Amphetamine (AMPH) and its more potent enantiomer S(+)AMPH are psychostimulants used therapeutically to treat attention deficit hyperactivity disorder and have significant abuse liability. AMPH is a dopamine transporter (DAT) substrate that inhibits dopamine (DA) uptake and is implicated in DA release. Furthermore, AMPH activates ionic currents through DAT that modify cell excitability presumably by modulating voltage-gated channel activity. Indeed, several studies suggest that monoamine transporter-induced depolarization opens voltage-gated Ca(2+) channels (CaV), which would constitute an additional AMPH mechanism of action. In this study we co-express human DAT (hDAT) with Ca(2+) channels that have decreasing sensitivity to membrane depolarization (CaV1.3, CaV1.2 or CaV2.2). Although S(+)AMPH is more potent than DA in transport-competition assays and inward-current generation, at saturating concentrations both substrates indirectly activate voltage-gated L-type Ca(2+) channels (CaV1.3 and CaV1.2) but not the N-type Ca(2+) channel (CaV2.2). Furthermore, the potency to achieve hDAT-CaV electrical coupling is dominated by the substrate affinity on hDAT, with negligible influence of L-type channel voltage sensitivity. In contrast, the maximal coupling-strength (defined as Ca(2+) signal change per unit hDAT current) is influenced by CaV voltage sensitivity, which is greater in CaV1.3- than in CaV1.2-expressing cells. Moreover, relative to DA, S(+)AMPH showed greater coupling-strength at concentrations that induced relatively small hDAT-mediated currents. Therefore S(+)AMPH is not only more potent than DA at inducing hDAT-mediated L-type Ca(2+) channel currents but is a better depolarizing agent since it produces tighter electrical coupling between hDAT-mediated depolarization and L-type Ca(2+) channel activation.

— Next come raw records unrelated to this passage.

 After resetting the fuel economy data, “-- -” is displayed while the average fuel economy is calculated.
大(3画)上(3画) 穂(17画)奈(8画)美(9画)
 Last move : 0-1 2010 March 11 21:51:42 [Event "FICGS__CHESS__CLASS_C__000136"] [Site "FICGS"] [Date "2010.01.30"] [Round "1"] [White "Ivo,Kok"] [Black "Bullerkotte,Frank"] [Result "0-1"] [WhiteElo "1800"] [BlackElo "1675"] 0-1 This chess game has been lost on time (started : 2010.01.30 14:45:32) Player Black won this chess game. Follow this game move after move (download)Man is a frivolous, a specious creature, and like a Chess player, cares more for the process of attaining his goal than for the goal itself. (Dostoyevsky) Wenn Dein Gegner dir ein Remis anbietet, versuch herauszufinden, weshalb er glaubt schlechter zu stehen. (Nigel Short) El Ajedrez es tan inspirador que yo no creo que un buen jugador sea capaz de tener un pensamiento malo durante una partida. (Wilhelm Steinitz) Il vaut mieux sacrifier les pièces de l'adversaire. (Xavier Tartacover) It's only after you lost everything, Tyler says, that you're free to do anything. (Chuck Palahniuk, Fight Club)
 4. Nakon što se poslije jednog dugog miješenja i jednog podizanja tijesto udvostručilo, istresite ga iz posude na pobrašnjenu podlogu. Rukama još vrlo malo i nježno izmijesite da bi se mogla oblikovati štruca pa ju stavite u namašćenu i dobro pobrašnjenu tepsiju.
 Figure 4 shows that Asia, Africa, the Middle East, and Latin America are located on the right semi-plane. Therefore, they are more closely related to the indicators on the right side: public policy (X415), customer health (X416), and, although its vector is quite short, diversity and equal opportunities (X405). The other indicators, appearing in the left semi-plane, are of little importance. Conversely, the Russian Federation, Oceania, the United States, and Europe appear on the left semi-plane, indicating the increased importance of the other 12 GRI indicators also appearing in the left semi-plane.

Keywords: Excitability; L-type Ca(2+) channels; MDMA; Monoamine transporters; Neurotransmitter transport; Serotonin; Stimulants.

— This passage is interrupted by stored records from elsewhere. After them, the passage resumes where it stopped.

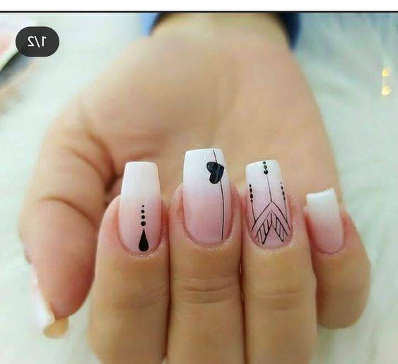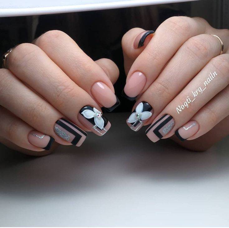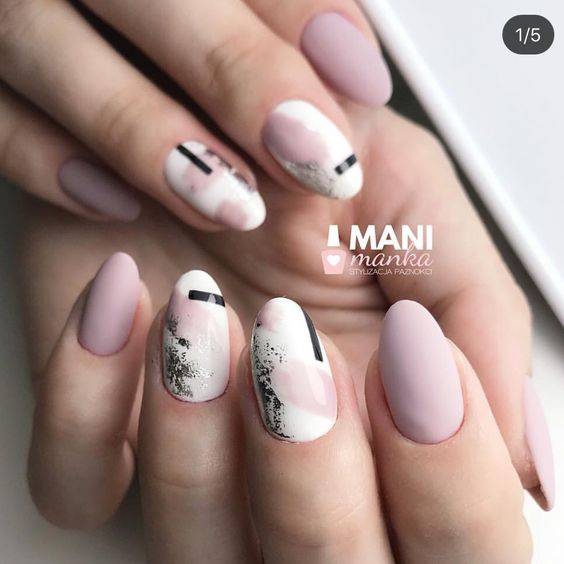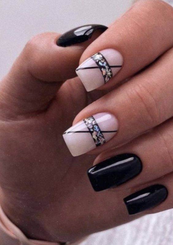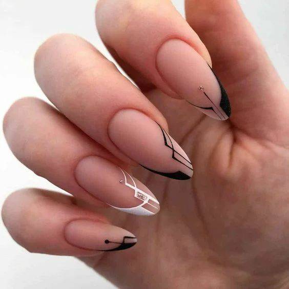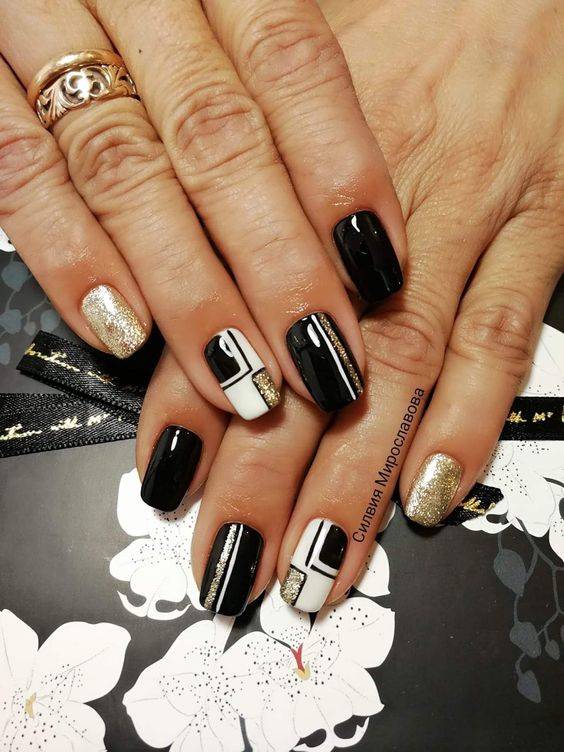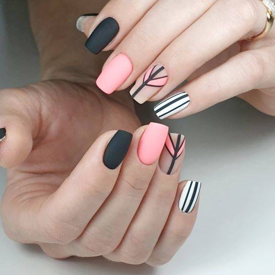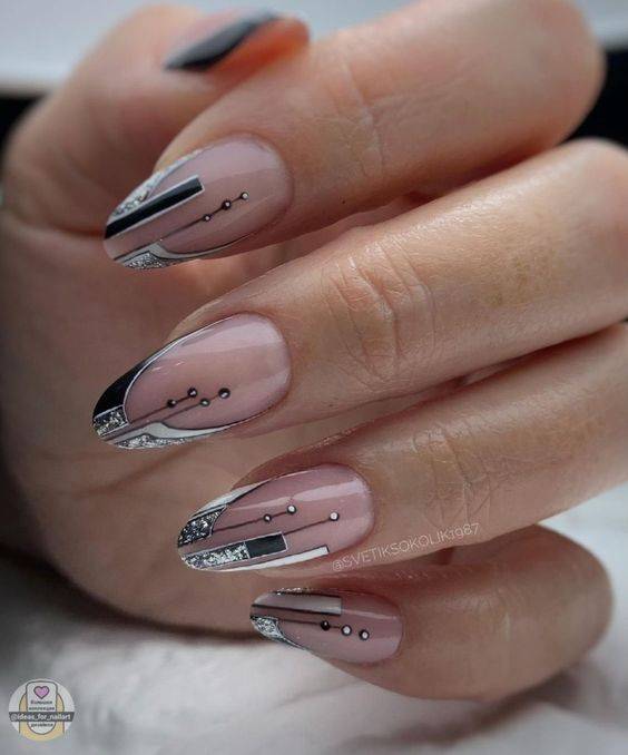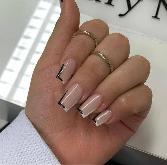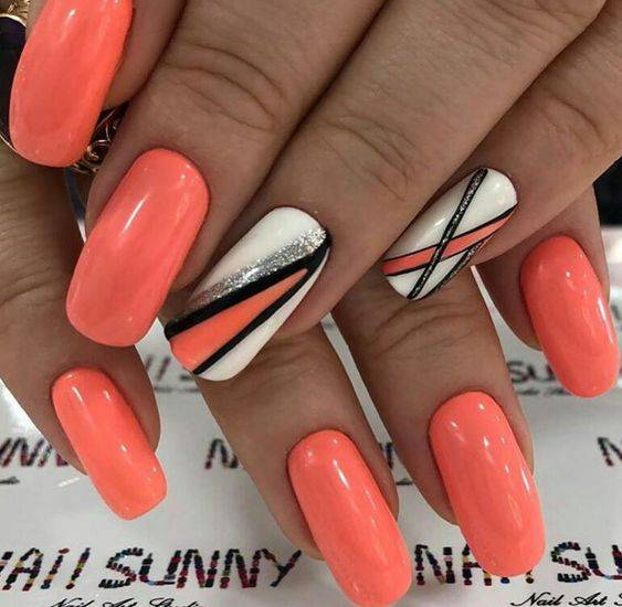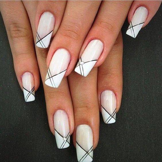Эффектен для выполнения маникюра в стиле минимализм. За основу чаще берут базу. Геометрию выполняют чёрным или белым лаком, но приемлемы и другие цвета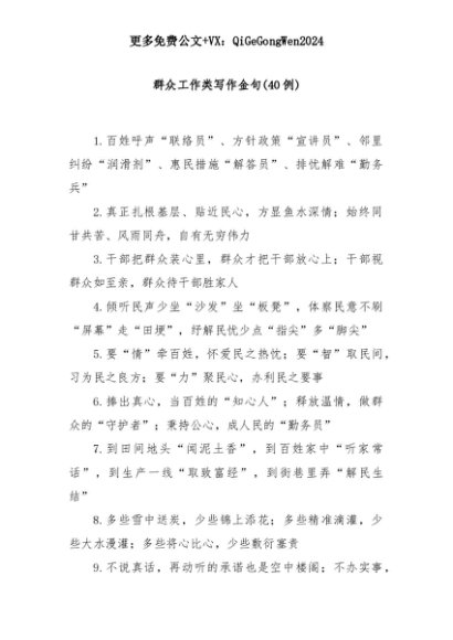 【七哥公文】2025年:(40例)群众工作类写作金句+更多免费公文+VX:QiGeGongWen2024+更多免费公文+VX:QiGeGongWen2024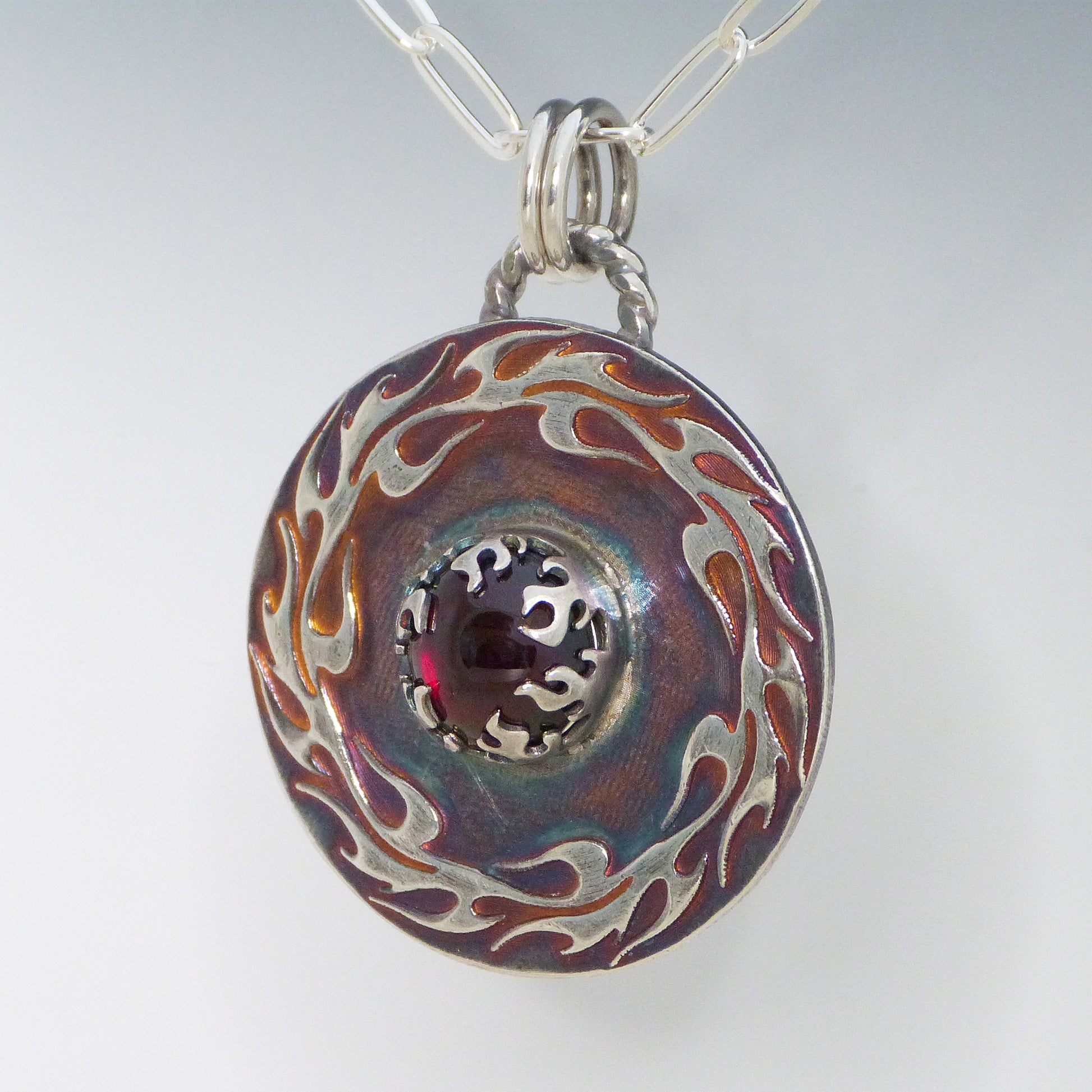 This Garnet Flame Necklace is one-of-a-kind and too hot to handle! Crafted with .999 fine silver and argentium sterling silver, this handmade necklace will set you up in style. Show off your unique, "too-cool-for-school" vibe with this unique statement piece that's sure to spark fires! A hand-crafted patina accents the beautiful flame detailing. Available with a sterling silver oval link chain. Pendant is 3 mm in length and width.

Figure 1. S(+)AMPH is more potent than DA as an hDAT substrate

A. Confocal images show hDAT expression in Flp-hDAT cells (red stain in bottom panel) but not in parental Flp-In^Tm T-REx^TM cells (top panel). DAPI nuclear staining is depicted in blue. Flp-hDAT cells show specific [³H] DA uptake with the following fitting parameters (see Eq. 1): EC₅₀ = 2.73 ± 0.49 μM, Hill slope = 1.8 ± 0.5 (n = 18). B. Competition of [³H]DA uptake using cold dopamine or S(+)AMPH yielded the following fitting parameters (Eq. 1): IC₅₀ = 12.05 ± 1.79 μM, Hill Slope = 0.8 ± 0.1 (n = 9) and IC₅₀ = 0.98*** ± 0.12 μM, Hill slope = 1.1 ± 0.1 (n = 11, ***p < 0.001 vs. IC₅₀ DA competition, t-test) for DA and S(+)AMPH, respectively.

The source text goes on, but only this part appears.